Eine eindeutige Stellungnahme! Die größten Religionskritiker hätten sich nicht deutlicher aussprechen können als Albert Schweitzer in diesen Zeilen, wenn er die moralische Deutung der Evolution als „hinterlistig“ bezeichnet. Seit Tausenden von Jahren haben Menschen ihren Göttern Heilspläne zugeschrieben, sie erdachten sich einen Sinn für die Welt, aber der wissenschaftlich nüchterne Beobachter muss feststellen, dass die Tatsachen mit keiner dieser mythologischen Konstruktionen im Einklang stehen.

Aber das Gegenbild vom blinden und sinnlosen Zufall

deswegen weniger falsch? Nein, man muss noch ein viel härteres Wort gebrauchen, mit dem man heute dieselbe Verdammung ausspricht wie in früheren Zeiten mit den Worten „atheistisch“ oder „gottlos“. Das Bild vom Affen, der rein mechanisch auf die Tasten drischt, ist schlicht „unwissenschaftlich“ und bleibt es auch dann noch, wenn man sich mit Monod damit begnügt, den Zufall als „blind“ und „sinnlos“ zu bezeichnen. Unwissenschaftlich heißt in diesem Fall, dass wir mehr behaupten, als wir je wissen können. Denn eine Sache können wir nur dann mit Eigenschaften belegen, wenn wir sie kennen. Doch genau das ist beim Zufall gerade nicht der Fall. Wir wissen nicht, was der Zufall ist und können ihn nicht künstlich erzeugen (schon gar nicht durch einen „Zufallsgenerator“!). Jeder Algorithmus, durch den wir ihn darzustellen versuchen, auch der komplexeste, erzeugt notwendig wiederholbare Ordnungen – also das genaue Gegenteil des Zufälligen. Wer den betreffenden Algorithmus kennt, ist daher auch in der Lage, sein Resultat vorhersagen. Den echten Zufall können wir überhaupt nur dadurch imitieren, dass wir die Wirklichkeit einbeziehen, indem wir einen bestimmten Algorithmus z.B. stets dann auslösen, wenn ein echter Zufall geschieht, z.B. wenn ein mit ihm verbundener Sensor auf der Straße eine Frau mit gelbem Hemd vorbeigehen sieht. Das ist dann ein genauso zufälliges Ereignis, wie wenn ein die Straße überquerender Passant von dem Ziegel erschlagen wird, der ihm plötzlich vom Dach her auf den Kopf fällt (Monod bedient sich dieses Beispiels, um den Zufall zu illustrieren).

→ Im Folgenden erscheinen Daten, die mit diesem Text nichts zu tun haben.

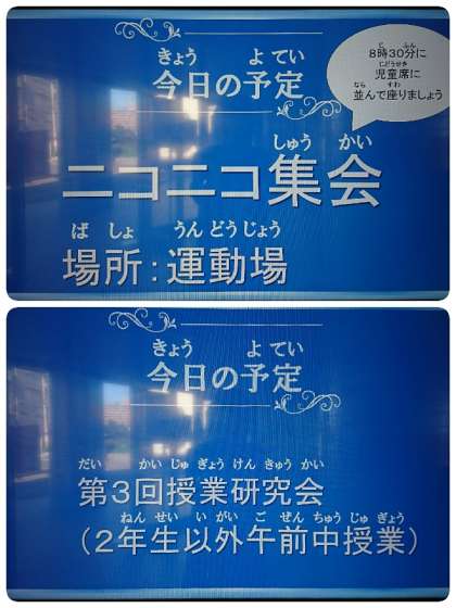 5時間目に2年生の学級で授業研究を行いますので、1・3〜6年生は午前中授業で、下校は13:30〜13:40になります。2年生は5校時終了後、14:45頃下校します。

Dies ist eine schlichte und dennoch entscheidende Erkenntnis. Sie besagt, dass wir uns vom Zufall grundsätzlich kein Bild und keinen Begriff machen können – oder anders gesagt, dass er das Gegenteil dessen repräsentiert, was wir wissen und sogar (gemäß Heisenberg): was wir wissen können. Der Zufall ist das schlechthin Unbekannte, Undeutbare, das keine Wissenschaft zu erschließen vermag. In diesem Sinne ist und bleibt er für menschliche Erkenntnis ein unlösbares Geheimnis.

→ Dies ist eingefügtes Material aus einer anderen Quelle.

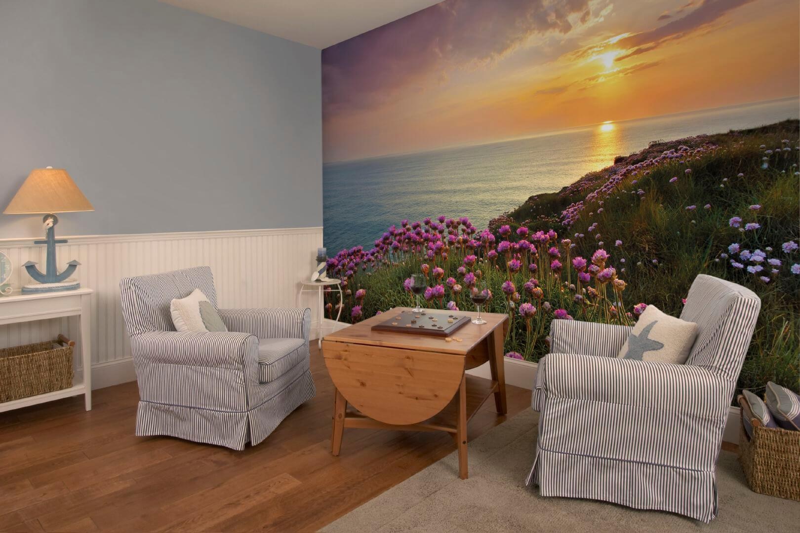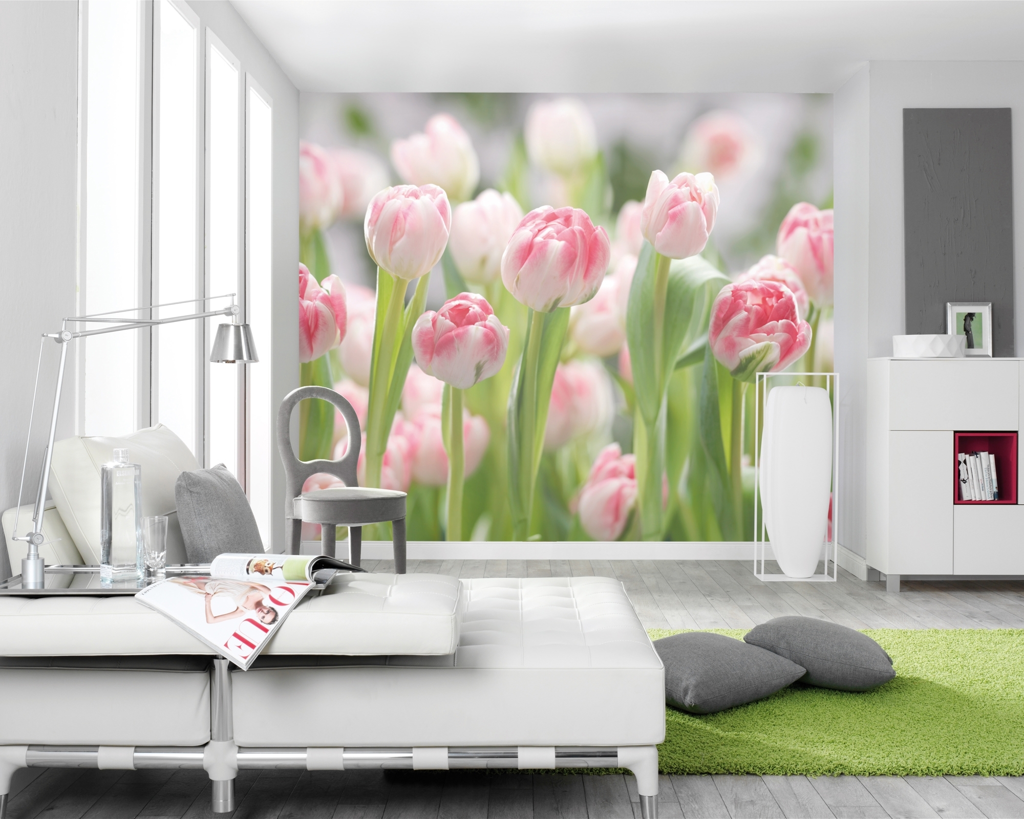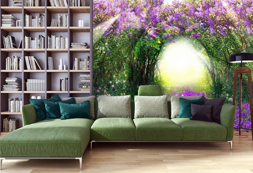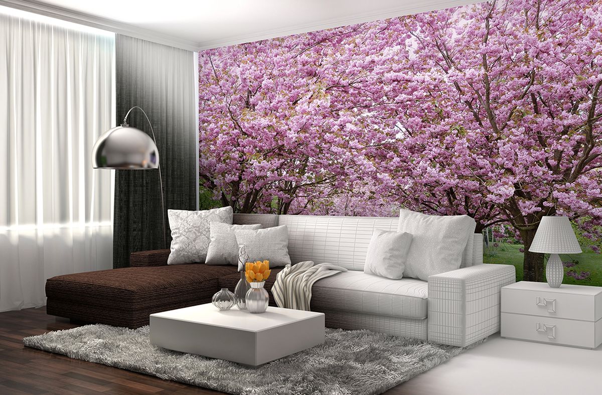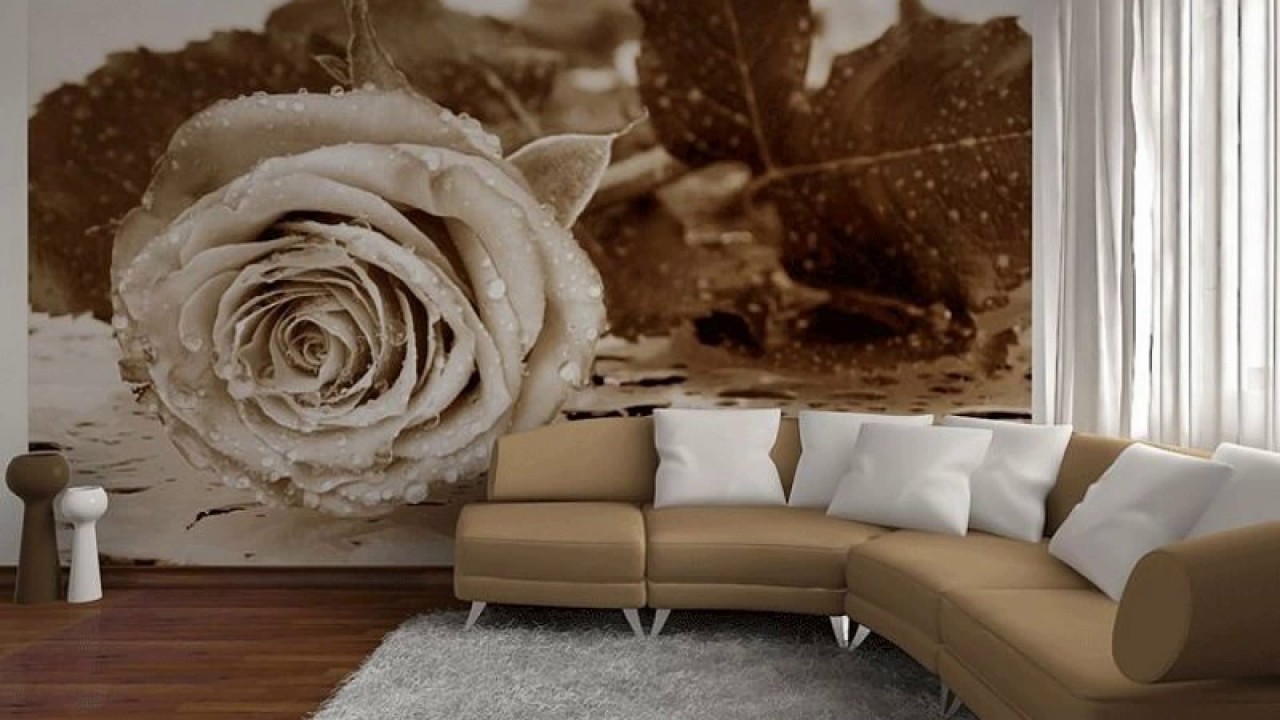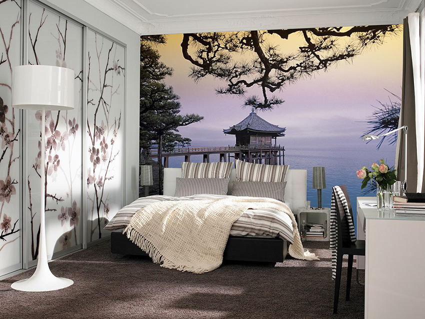 - La capacidad de enfatizar el tema y el estilo de la habitación. Las imágenes de flores de bambú y sakura serán apropiadas en el interior japonés, el océano Mediterráneo, un montón de bloques de hormigón o una pared con ladrillos en relieve en el desván, los campos de lavanda en flor en Provenza solo mejorarán la impresión del resto de la habitación.

Der Philosoph und der kritische Wissenschaftler

sehen sich daher genötigt, Monods Weltbild nicht nur als naiv sondern als wissenschaftlich unhaltbar zu bezeichnen. Die Welt ist nicht sinnloser Zufall und Notwendigkeit, sondern ihre beiden Grunddimensionen sind Ordnung und Geheimnis. Die Wirklichkeit stellt sich uns auf zweifache Weise dar, einerseits als Gegenstand unseres (vermutlich unendlich erweiterbaren) Wissens, andererseits aber auch als grundsätzlich unerkennbar, denn die Grenzen unseres Wissens ergeben sich aus dem unerkennbaren Zufall.

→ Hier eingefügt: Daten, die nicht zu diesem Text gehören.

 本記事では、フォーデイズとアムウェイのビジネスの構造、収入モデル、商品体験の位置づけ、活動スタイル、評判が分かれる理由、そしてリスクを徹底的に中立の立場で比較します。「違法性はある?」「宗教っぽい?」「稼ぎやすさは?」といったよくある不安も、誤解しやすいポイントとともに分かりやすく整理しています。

Auch für den gläubigen Menschen hat diese Erkenntnis Folgen. Wenn Gott die Welt erschaffen hat, dann muss er sich mit Albert Schweitzer eingestehen, dass er den Sinn, den Gott der Schöpfung gab, nicht versteht. Das heißt aber keinesfalls, dass es keinen Sinn in ihr gibt. Es macht einen fundamentalen Unterschied, ob es etwas an und für sich nicht gibt oder nur für unser Erkennen. Der Biologe Rupert Riedl fand dafür das passende Bild. „Was für ein Vermessen wäre es, wollte sich die Zecke die Blutgefäße eines Säugetieres vorstellen, der Hund die internationale Rauschgiftszene oder wir uns die Gesetze jenseits des Kosmos“ /also jenseits der uns erkennbaren gesetzhaften Ordnungen/. Wissenschaft ist inzwischen imstande, unendliche viele Dinge aufs Genaueste zu erklären, z.B. warum uns eine Biene sticht, ein Vulkan ausbricht oder wie ein Handy funktioniert, aber sie kann uns nichts darüber sagen, warum diese Welt und ihre Ordnungen überhaupt existieren und welchen Sinn menschliche Existenz darin hat.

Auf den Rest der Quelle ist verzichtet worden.